异构对象#
基本概念#
openYuanrong datasystem (下文中称为数据系统)的 Hetero 语义中,基于 Device 侧的 HBM 内存抽象异构对象接口,实现昇腾 NPU 卡间数据高速直通传输。同时提供 H2D/D2H 高速迁移接口,实现数据快速在 DRAM/HBM 之间传输。
注意:
数据系统并不直接负责 HBM 内存的申请及释放,用户调用 hetero 接口将 HBM 的指针注册关联到数据系统中并指定 key,数据系统将用户指定的 key 及 HBM 指针抽象为数据对象,控制在不同卡之间的流转。
因此将 HBM 的指针注册给数据系统后,上层业务需要保证指针的有效性,避免被释放或修改。
D2D(Device to Device) 数据传输#
异构对象针对 D2D 数据传输,提供了两种语义:
DevPublish / DevSubscribe:数据传输语义,数据生成端执行 DevPublish 将 HBM 上的数据发布为异构对象,数据接收端申请 HBM 内存后,执行 DevSubscribe 订阅接收数据,数据系统使用卡间直通传输数据并写入用户提供的 HBM 内存中。当数据被接收后,数据系统会自动删除对象,不再关联发布的 HBM 内存。
DevPublish / DevSubscribe 为异步接口,提供了返回 Future 供用户获取执行结果,每个key返回一个 Future。当 Future::Get 获取到结果为 OK 时,表示数据已经被对端接收成功。
注意:
DevPublish / DevSubscribe 传入的 Device 内存地址不能归属于同一张 NPU 卡。
在执行 DevSubscribe 过程中,执行了 DevPublish 的进程不能退出,否则 DevSubscribe 会失败。
在key,devBlobList内存地址映射关系均一致的情况下,DevPublish在同进程支持重试。 DevSubscribe单Key的订阅超时时间为20s,多key为60s。
import acl
import random
from datasystem import DsClient, DeviceBlobList, Blob
def random_str(slen=10):
seed = "1234567890abcdefghijklmnopqrstuvwxyzABCDEFGHIJKLMNOPQRSTUVWXYZ!@#%^*()_+=-"
sa = []
for _ in range(slen):
sa.append(random.choice(seed))
return ''.join(sa)
# hetero_dev_publish and hetero_dev_subscribe must be executed in different processes
# because they need to be bound to different NPUs.
def hetero_dev_publish():
client = DsClient("127.0.0.1", 31501)
client.init()
acl.init()
device_idx = 1
acl.rt.set_device(device_idx)
key_list = [ 'key1', 'key2', 'key3' ]
data_size = 1024 * 1024
test_value = random_str(data_size)
in_data_blob_list = []
for _ in key_list:
tmp_batch_list = []
for _ in range(4):
dev_ptr, _ = acl.rt.malloc(data_size, 0)
acl.rt.memcpy(dev_ptr, data_size, acl.util.bytes_to_ptr(test_value.encode()), data_size, 1)
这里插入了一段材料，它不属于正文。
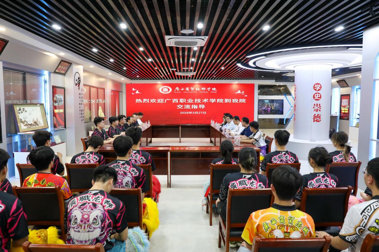 为深入贯彻落实中华优秀传统文化传承与发展,加强校际间共青团工作建设及学生社团的交流合作。2026年3月27日下午,广西职业技术学院团委书记周晓芳一行30人到我院明阳校区开展龙狮文化交流活动。我院党委书记宋成多携班子成员热情接待,党委委员、副院长岑锦华出席座谈会。

blob = Blob(dev_ptr, data_size)
tmp_batch_list.append(blob)
blob_list = DeviceBlobList(device_idx, tmp_batch_list)
in_data_blob_list.append(blob_list)
pub_futures = client.hetero().dev_publish(key_list, in_data_blob_list)
for future in pub_futures:
future.get()
def hetero_dev_subscribe():
client = DsClient("127.0.0.1", 31501)
client.init()
acl.init()
device_idx = 2
acl.rt.set_device(device_idx)
key_list = [ 'key1', 'key2', 'key3' ]
data_size = 1024 * 1024
out_data_blob_list = []
for _ in key_list:
tmp_batch_list = []
for _ in range(4):
dev_ptr, _ = acl.rt.malloc(data_size, 0)
blob = Blob(dev_ptr, data_size)
tmp_batch_list.append(blob)
blob_list = DeviceBlobList(device_idx, tmp_batch_list)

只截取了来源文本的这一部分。